Bundesumweltministerium fördert Kompetenzaufbau für eine nachhaltige Energieversorgung

19.02.2009 | Berlin
Mit dem Projekt "Transfer Renewable Energy and Efficiency (TREE)" fördert das Bundesumweltministerium den Wissenstransfer zu Energieeffizienz und erneuerbaren Energien in Entwicklungs- und Schwellenländern.

Der Parlamentarische Staatssekretär im Bundesumweltministerium Michael Müller sagte bei der Präsentation des Projektes heute in Berlin: "Der Bedarf an Wissensvermittlung und Austausch ist riesig. Die Unterstützung des Kompetenzaufbaus ist das Schlüsselelement für eine nachhaltige Entwicklung und den globalen Klimaschutz".

Über 850 Interessente aus 14 Ländern von drei Kontinenten sind der Aufforderung der in Berlin ansässigen Weiterbildungsakademie Renewables Academy (RENAC) gefolgt, sich für ein Seminarstipendium zu bewerben. Insgesamt 230 ausgewählte Stipendiaten erhalten derzeit einen Überblick über Windenergie, Solarthermie, Photovoltaik, alle Formen der Bioenergie sowie Geothermie. Auch die Netzanbindung erneuerbarer Energien sowie Energieeffizienz in Gebäuden, in Industrie und Gewerbe stehen auf dem Programm.

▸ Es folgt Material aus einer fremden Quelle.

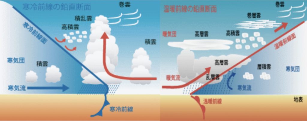 ・寒冷前線(密度の高い寒気)の速度>温暖前線(密度の低い暖気)の速度

Das TREE-Projekt wird mit Mitteln der 2008 ins Leben gerufenen Internationalen Klimaschutzinitiative gefördert. Damit unterstützt das BMU Entwicklungs- und Schwellenländer beim Aufbau einer klimafreundlichen Wirtschaft, dem Schutz von Kohlenstoffsenken wie den großen Waldgebieten der Erde sowie bei der Anpassung an die Folgen des Klimawandels. Jährlich stehen für internationale Projekte 120 Millionen Euro zur Verfügung. Derzeit werden gut 100 Projekte in rund 50 Ländern gefördert. Finanziert wird die Klimaschutzinitiative aus der Versteigerung von Emissionsrechten innerhalb des Europäischen Emissionshandels. Deutschland ist auch mit diesem innovativen Finanzierungsmechanismus im internationalen Klimaschutz ein Vorreiter.

Kompetenzaufbau ist auch eine der Hauptaufgaben der von Deutschland initiierten und am 26. Januar 2009 gegründeten IRENA, der Internationalen Agentur für erneuerbare Energien. IRENA wird als Know-how-Zentrum Kompetenzen in allen Bereichen erneuerbarer Energien bündeln und Industrie- und Entwicklungsländer beim Aufbau erneuerbarer Energien praxisnah unterstützen.